This study was a single-center sub-study of the previously reported DALI study [15]. The study was carried out in accordance with the principles of the Declaration of Helsinki. The local medical ethics committee approved the study and all patients gave informed consent.

2.2. Patients 

Male and female patients aged 45–75 years with DM2 (according to the American Diabetes Association classification) of at least 1-year duration were included in the study. Inclusion criteria were: fasting triglycerides between 1.5 and 6.0 mmol/L, total cholesterol between 4.0 and 8.0 mmol/L, and HbA1c <10%. Patients were assessed after a washout period of lipid-lowering medication of at least 8 weeks. Patients with manifest or previous cardiovascular disease were excluded from the study. Pre-menopausal women and patients with acute liver disease, hepatic dysfunction, or impaired renal function (plasma creatinine >150 μmol/L) were excluded.
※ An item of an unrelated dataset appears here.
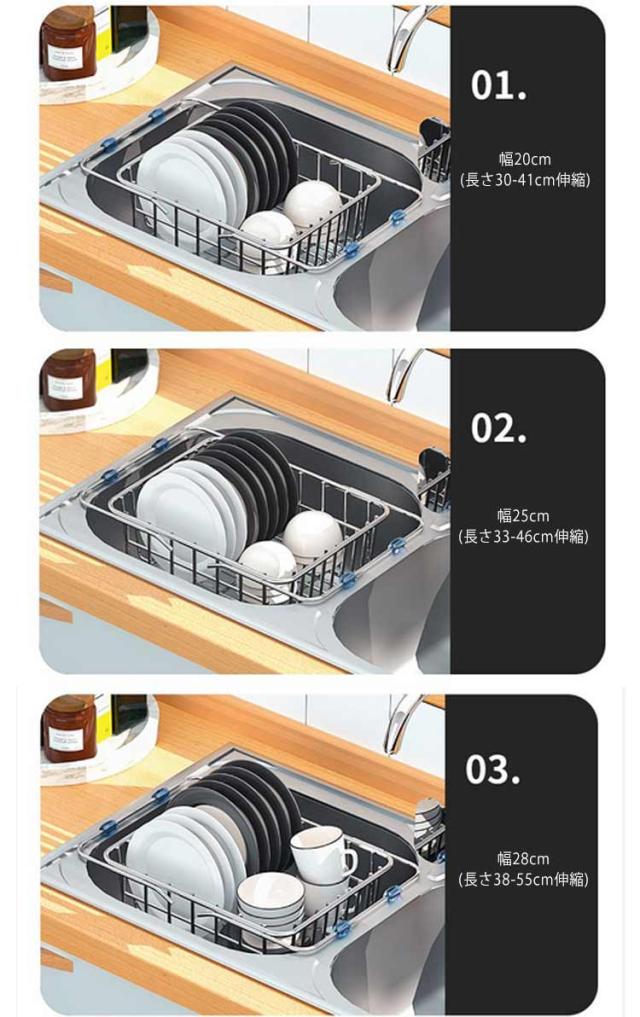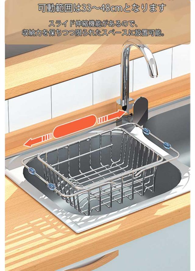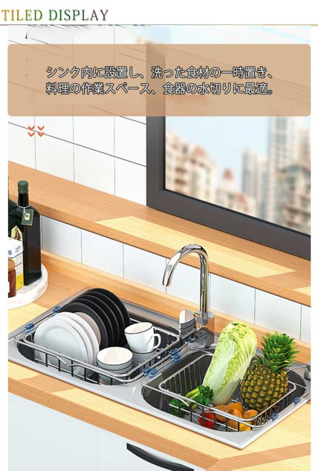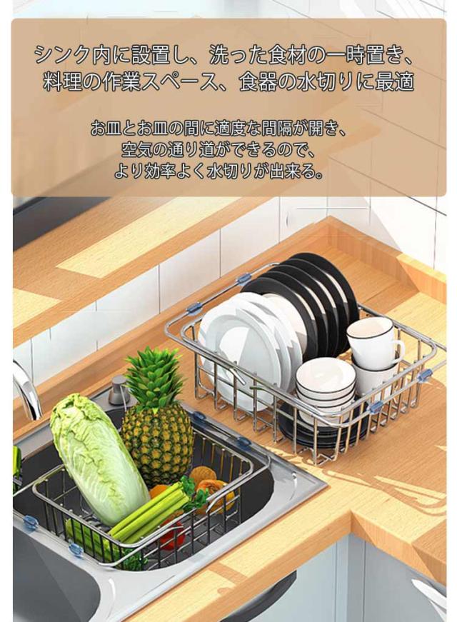 水切りラック 水切りかご ステンレス 伸縮式 シンク上 水切りバスケット 食器置き コンパクト お碗 お皿 収納 コップ 乾かす スタンド スリム 狭いキッチン 作業台 便利 錆びにくい

Patients consuming more than four alcoholic drinks per day or on systemic steroids, androgens, cyclosporine, other immunosuppressive drugs, erythromycin, or mibefradil were also excluded.

2.3. Definition of MS criteria cut-off values and low-grade chronic systemic inflammation 

The WHO cut-off values were used for the assessment of MS load [16]. The criteria were defined as follows: hypertension: systolic/diastolic ≥140/90 (mm Hg); triglyceride levels ≥1.7 mmol/L; and HDL-cholesterol <1.0 mmol/L (women) and <0.9 mmol/L (men). Furthermore, waist circumference was used as a measure for obesity with a cut-off value of ≥94 cm in men and ≥80 cm in women. MS load was defined by the number of factors present exceeding the thresholds defined above, in addition to DM2. Five groups with respectively 0, 1, 2, 3, or 4 additional MS criteria could be defined. As for CRP, patients with levels over 15 mg/L were excluded from the evaluations on the suspicion of being a temporary outlier not representing the continuous habitual level [17].

2.4. Endpoints 

The impact of MS and CRP on vascular phenotype in DM2 was assessed using sonographic vascular parameters, intima media thickness (IMT), and flow-mediated dilatation (FMD), as well as the following endothelium-related and hemostatic factors: fibrinogen, s-thrombomodulin (sTM), tissue type plasminogen-activator (tPA), plasminogen-activator inhibitor-1 (PAI-1), sVCAM, sE-selectin, and von Willebrand factor (VWF).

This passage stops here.